Additionally, noted the Court, others working in the same field as the inventors of the ’741 patent were of the same skill level. Furthermore, in developing the invention, the inventors tested it on guinea pigs, methodology that the Federal Circuit found to be generally outside the realm of a general practitioner or pediatrician. The Court further noted that while a general practitioner or pediatrician could, and would, prescribe the invention of the ’741 patent to treat ear infections, he would not have the training or knowledge to develop the method without the sort of specialty training that the ’741 patent inventors possessed. Accordingly, the Federal Circuit concluded that the level of ordinary skill in the art applicable to the ’741 patent is that of “a person engaged in developing pharmaceutical formulations and treatment methods for the ear or a specialist in ear treatments such as an otologist, otolaryngologist, or otorhinolaryngologist who also has training in pharmaceutical formulations.” Id. at 5.
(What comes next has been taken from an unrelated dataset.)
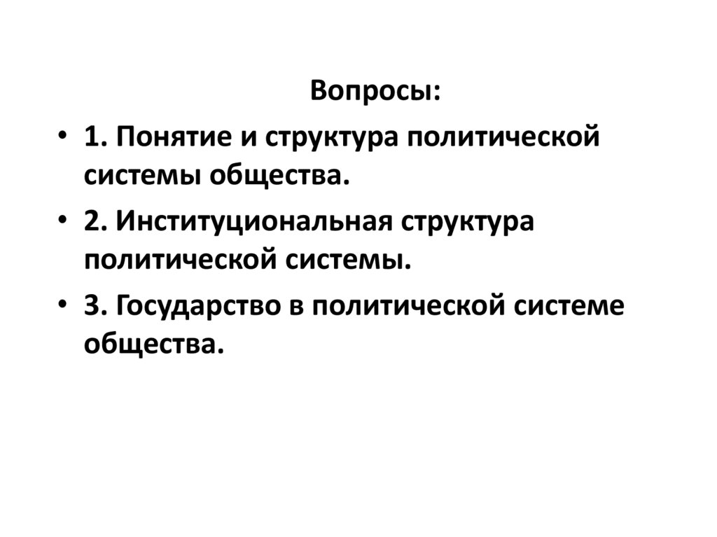 Вопросы:• 1. Понятие и структура политической

The Court next turned to the question of whether the invention of the ’741 patent would have been obvious to one of ordinary skill in the art at the time of the invention. It noted that the district court’s error in determining the level of ordinary skill in the art of the ’741 patent “tainted its obviousness analysis.” Id. at 6. In view of the correct level of skill in the art and the evidence of record, it concluded that, as a matter of law, the ’741 patent was invalid as obvious. The Court explained that it need not decide whether the claim term “effective to treat” should include not only efficacy but safety because the evidence demonstrated that in view of the correct level of skill in the art, using a topical formulation of ofloxacin to treat ear infections was not only obvious but safe.
Specifically, the Court found the ’741 patent obvious in view of an article published in 1986 by Horst Ganz (“the Ganz reference”). The Court noted that the Ganz reference taught the successful use of ear drops containing ciprofloxacin to treat middle ear infections. It noted that Apotex’s expert testified that ofloxacin was in the same family of antibiotics as ciprofloxacin, and that someone of ordinary skill in the art, e.g., an otologist, would believe it to be highly likely that ofloxacin could also be used safely to treat middle ear infections. It observed that Daiichi failed to dispute Apotex’s expert testimony, relying instead on its own expert, who stated that the Ganz reference would not convey the same teaching to someone of lower skill in the art, such as a general practitioner or pediatrician. It noted that Daiichi’s evidence was, however, based on an incorrect determination of the level of ordinary skill in the art. In view of this evidence, the Federal Circuit held that the invention of the ’741 patent would have been obvious to one having ordinary skill at the time of the invention and reversed the district court’s judgment.